This is the implementation for our C-DSVAE, a novel self-supervised disentangled sequential representation learning method.

A pytorch-lightning implementation (with docker env) can be found here.

Requirements

  • Python 3
  • PyTorch 1.7
  • Numpy 1.18.5

Dataset

Sprites

We provide the raw Sprites .npy files. One can also find the dataset on a third-party repo.

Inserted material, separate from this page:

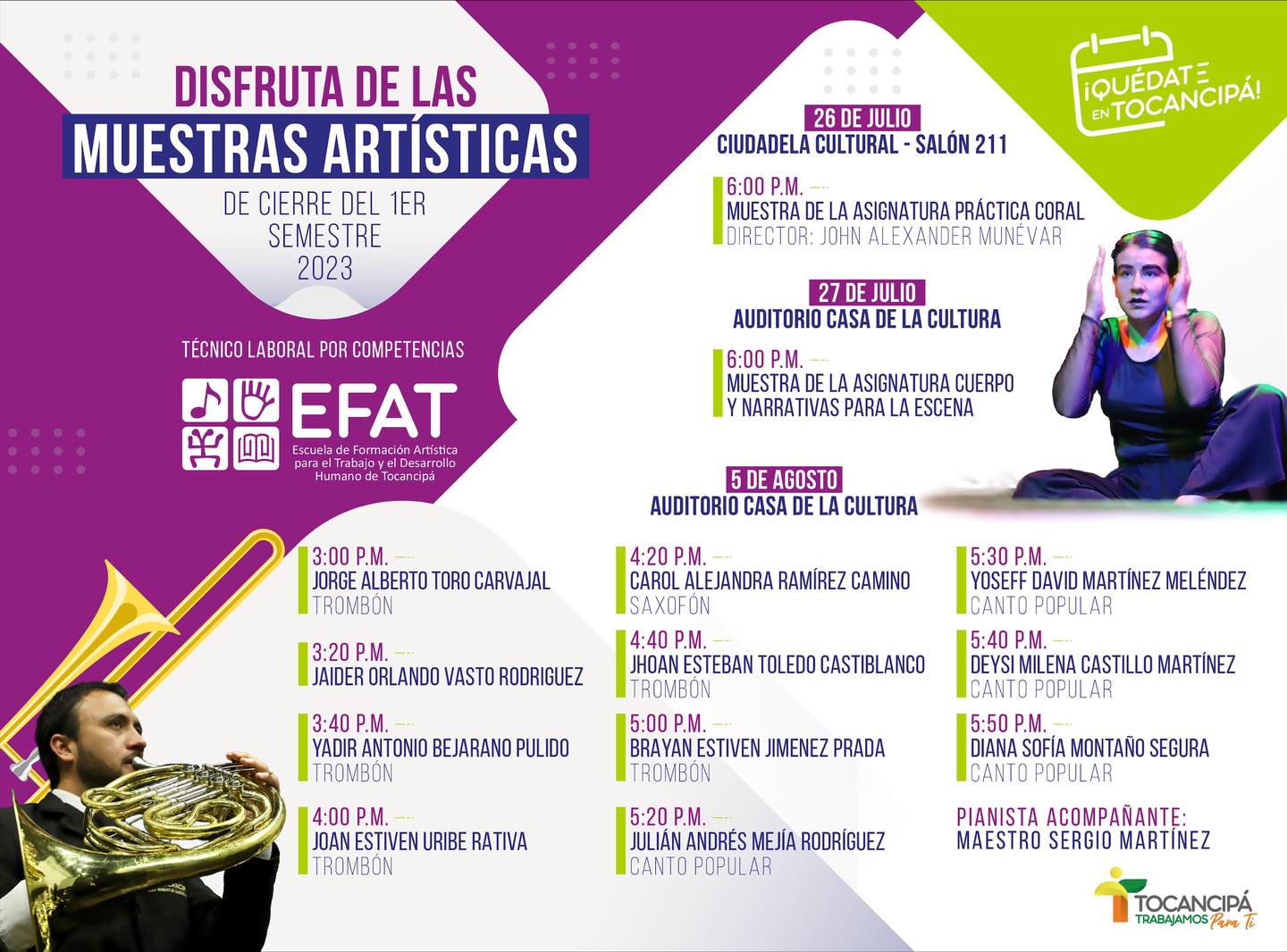 Te invitamos a disfrutar de las muestras artísticas de cierre del 1er semestre del Técnico Laboral por Competencias de la EFAT.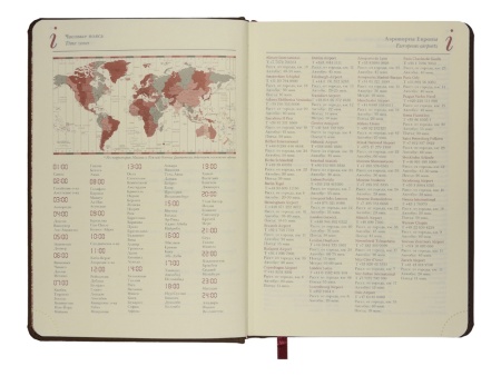 Незаменимый помощник в деле эффективного планирования благодаря высокому качеству производства и тщательно продуманных элементов: мягкая бархатистая обложка со скругленными уголками и строчкой по периметру в цвет, вырубные индексы с цветной маркировкой, разбивающей блок на месяцы, закладка-ляссе, перфорированные углы блока, линовка листов с указанием времени суток.

For each split (train/test), we expect the following components for each sequence sample

  • x: raw sample of shape [8, 3, 64, 64]
  • c_aug: content augmentation of shape [8, 3, 64, 64]
  • m_aug: motion augmentation of shape [8, 3, 64, 64]
  • motion factors: action (3 classes), direction (3 classes)
  • content factors: skin, tops, pants, hair (each with 6 classes)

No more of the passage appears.